Por outro lado, a infância de Mallo é cirurgicamente examinada em imagens, para reforçar – num primeiro momento – a incisiva narrativa dos anos formativos do garoto que se descobre artista e homossexual, o que consequentemente moldará sua vida que encontramos no presente. No entanto, o que vemos até então, também não pode ser uma história que encerra verdades e materialidades absolutas, já que se tratam de reminiscências do narrador delas, o que – como eu mesmo constatei ao trabalhar em meu memorial – pode levar a uma série de dados traiçoeiros de nossa própria interpretação.
Alerta de Spoiler a seguir
No terço final de Dor e Glória, quando começamos a entender que as reminiscências de Mallo caminham para o momento em que compreendemos que após encarar sua própria história e dela extrair as mais dolorosas sensações que levarão à redenção, aí está novamente a prova de que nem mesmo tais fatos ocorreram exatamente como vimos por quase 90 minutos.
Explico: Salvador Mallo descobre que não tem câncer, mas uma hérnia de hiato, algo simples de se resolver com um bom cirurgião gastroenterologista. Suas relações interpessoais, ainda que não livres de impasses inevitáveis, atingem um nível de solução que já não está mais ao alcance dos agentes, portanto, resolvidas estão. E toda a história do garoto que descobre o mundo dos adultos é, na verdade, o novo filme em que Mallo trabalha, após ter se recuperado de forma mais ou menos satisfatória.
O cineasta-personagem de Almodóvar revirou seu próprio serpentário de memórias, chafurdou na peçonha de si e dos que com ele conviveram, desceu ao calvário de fragmentos de reminiscências não concluídas, para renascer na vida e na obra.

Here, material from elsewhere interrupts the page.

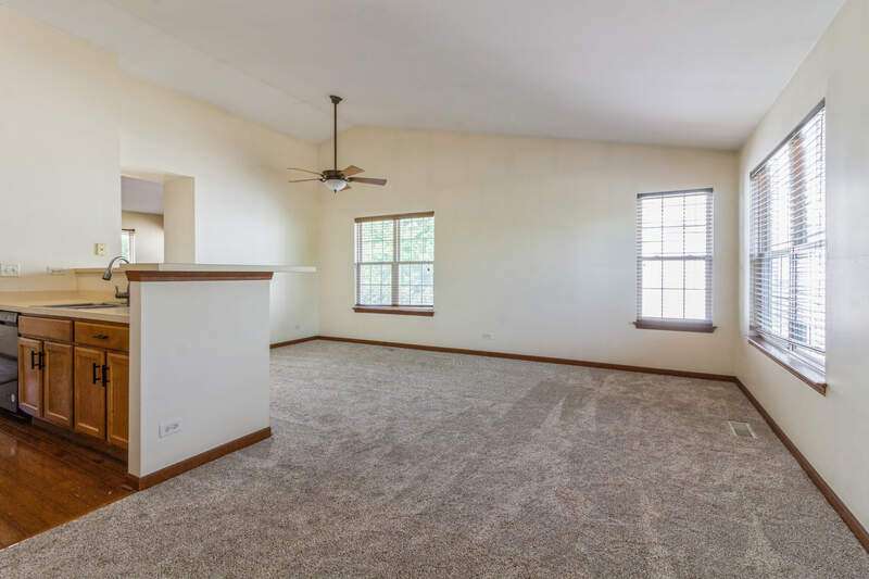 Discover The Enclave at Country Lakes-a beautiful and inviting townhome community nestled in North Naperville, just moments from the intersection of Route 59 and North Aurora Road. This 2-bedroom, 2-bathroom 2nd-floor ranch-style end unit offers unmatched convenience with quick access to the Route 59 Metra station, I-88, and an array of shopping, dining, and entertainment destinations, including Target and Lifetime Fitness. Surrounded by peaceful natural landscapes, the townhouse is situated by nearby scenic Country Lakes Forest Preserve and protected wetlands, providing serene views and direct access to public walking trails. The community is also adjacent to a former golf course, Country Lakes Park, and a Naperville city playground-offering the perfect blend of relaxation and recreation. Step inside to an open-concept layout with soaring vaulted ceilings, creating a bright and spacious living environment ideal for both everyday life and entertaining. The kitchen boasts tall upper cabinets, a pantry, and a convenient breakfast bar that flows effortlessly into the main living space. Step out onto your private deck to enjoy lush green surroundings and fresh air. Located within the acclaimed Naperville School District 204-featuring Longwood Elementary, Granger Middle, and Metea Valley High School. The home features newer carpeting and is move-in ready! Available immediately. Minimum 1-year lease. No pets or smoking allowed. Applicants must have a credit score of 700+ and a monthly income of at least 3 times the rent.

Este profundo mergulho que Almodóvar empreende, neste que considero seu mais pessoal trabalho – muito superior ao sofrível Julieta (2016) – é impregnado dos mistérios que envolvem aquilo a que chamamos “memória”.
Nunca as imagens que guardamos de nossa história serão absolutas, ainda que nos enchamos de certezas ao narrar cada uma. Como notou Ricoeur, conforme o citei, são imagens que estiveram em algum lugar, mas já não estão. Portanto, se não estão, não há necessária obrigação de que tenham sido como as imaginamos quando elas estavam, ou como elas se deram. Olhar para nossas memórias é assistir a um filme que aconteceu num plano inacessível de nós mesmos e tudo que temos são simulacros daquilo que imaginamos que de fato aconteceu. Quem sabe?